Rated power, especially on cheap/hobby motors, is a bit optimistic. But yes, you can get a first-order approximation just by dividing the rated power by supply voltage. So for a 1.5kW motor with a 48V supply, you can budget 1.5kW/48 = 31A, maybe 40-50A to compensate for motor (in)efficiency.
Since my motor is rated for 660W, should I try to find a power supply rated for 1.25 to 1.5 times the rated motor power? If so, would this work?:
Yep, that’s fine. I personally have a lot of vevor kit and it’s generally fine quality (for the money). But why use a battery? Usually just going off a power supply will be easier for testing/setup/etc, e.g. 48V 600W High Peak Power Supply – ODrive Robotics US (600W nominal, can peak to 1.2kW).
Lastly, the spool diameter is 5 in. I’m working with another person on this project (he is a MechE major, I am an EE major), and he hasn’t mentioned any speed that we are aiming for, which makes sense to me, since a resistive machine shouldn’t be fast, it should be a struggle to pull.
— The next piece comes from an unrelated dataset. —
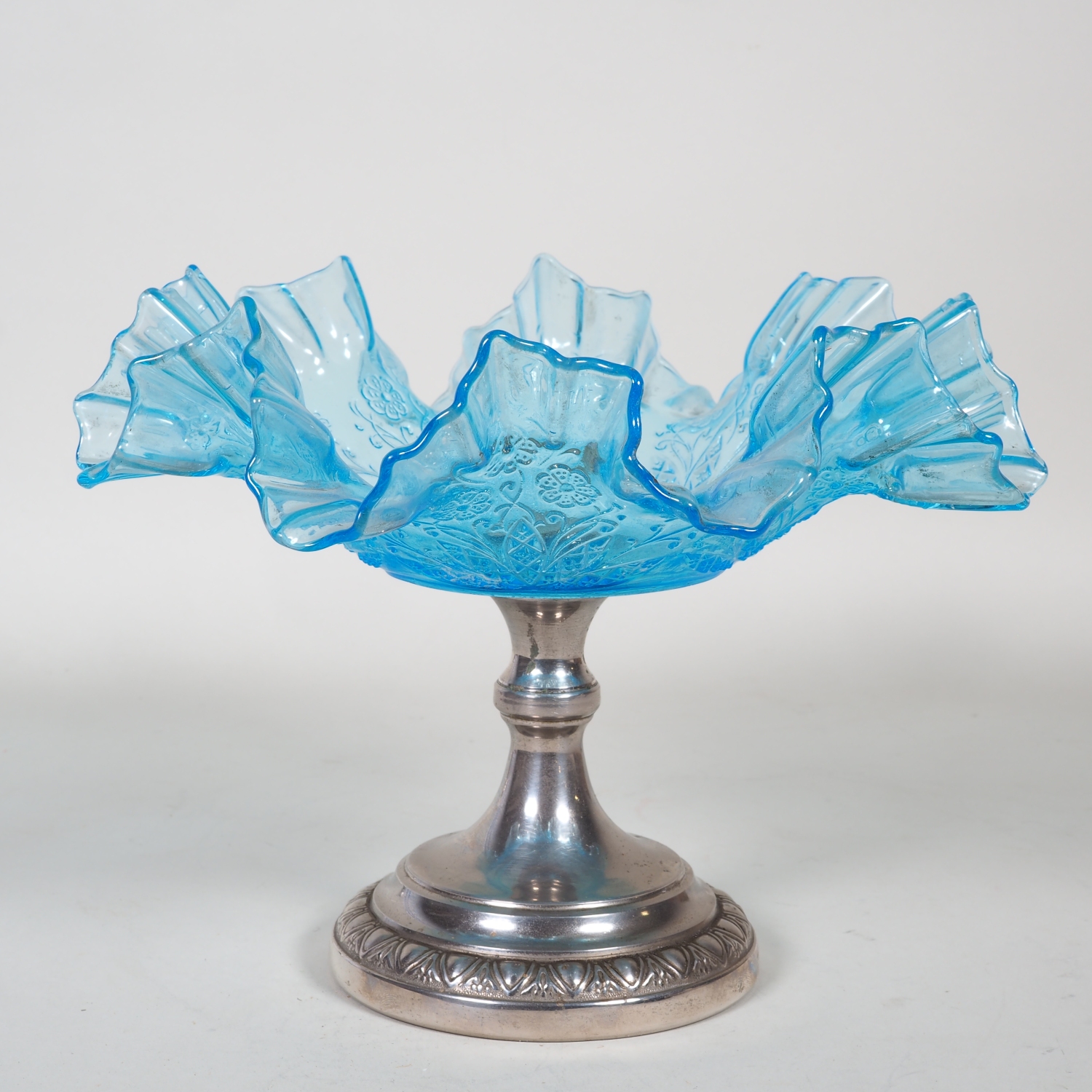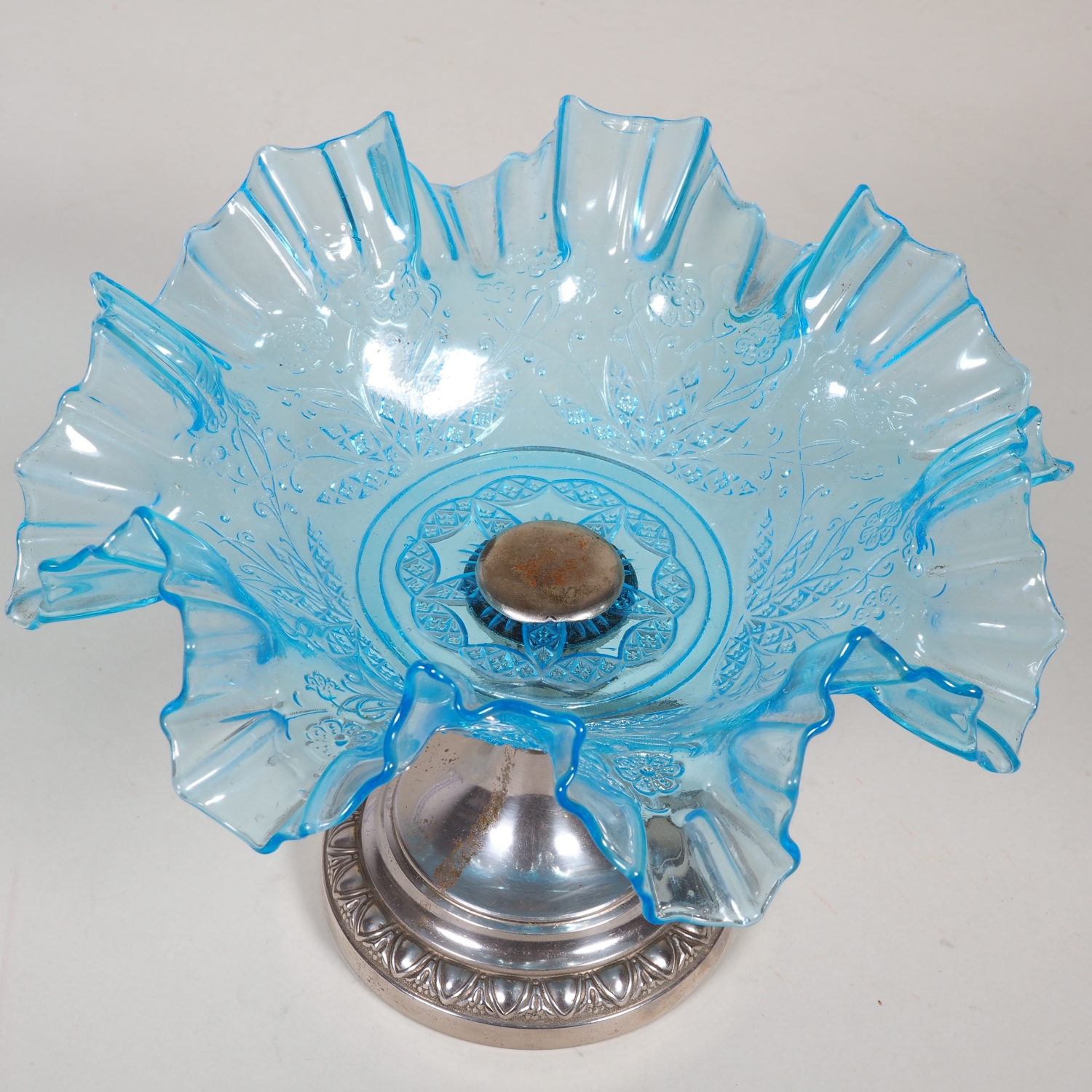 Wohl für Kleinobst gedacht, Schalenfuß aus Metall, mit breitem profiliertem Stand, sich nach oben verjüngend, darauf befestigte Schale aus Glaß, bläulich eingefärbt, stark gewellter Rand mit leicht im Relief floralem Zierrat, wenige Altersspuren am Fuß, Glaß intakt. H. 18cm, Durchmesser 23,5cm.

Well, if someone does a really fast curl, then the spindle will have to have an appreciable speed to keep up, which changes the drawn power. So it’s good to figure out the max speed needed so you can calculate the power figures.
To elaborate a bit more:
That NEMA34 motor has a speed constant (KV) of 72 RPM/V. The torque constant will be 8.27/KV = 8.27/72 = 0.115 Nm/A. So for a 1Nm output, the motor will need 1/0.115 = 8.7A of current.
The motor has a phase resistance of 0.12 ohm. So given resistive losses = I^2 * R, the motor’s loss at 1Nm output will be 8.7A^2 * 0.12ohm = 9W (we’ll call this 9W figure our loss power).
So from a 48V supply, if you’re at zero speed, to output 1Nm of torque the motor will draw 9W → 9/48 = 0.19A from the power supply.
However, if the motor is spinning at e.g. 2000 RPM while outputting 1Nm, the math changes a bit.
Mechanical power = speed (RPM) * torque (Nm) * pi/30
So here the mechanical power is 2000 * 1 * pi/30 = 209W
Drawn supply power will be mechanical power plus loss power, so 209W + 9W = 218W. So at 2000RPM / 1Nm, it’ll draw 218/48 = 4.5A from a 48V supply.
If we run this motor at its limit of 3000RPM / 2.1Nm, we can do this math again:
mech power = 3000 RPM * 2.1Nm * pi/30 = 659W
motor current = 2.1/0.115 = 18.26A
loss power = 18.26A^2 * 0.12ohm = 40W
total power = 659W + 40W = 699W
supply current draw @ 48V = 699/48 = 14.56A
So something like the power supply I linked should be more than fine for typical use, given the fact it can peak to 1.2kW when needed.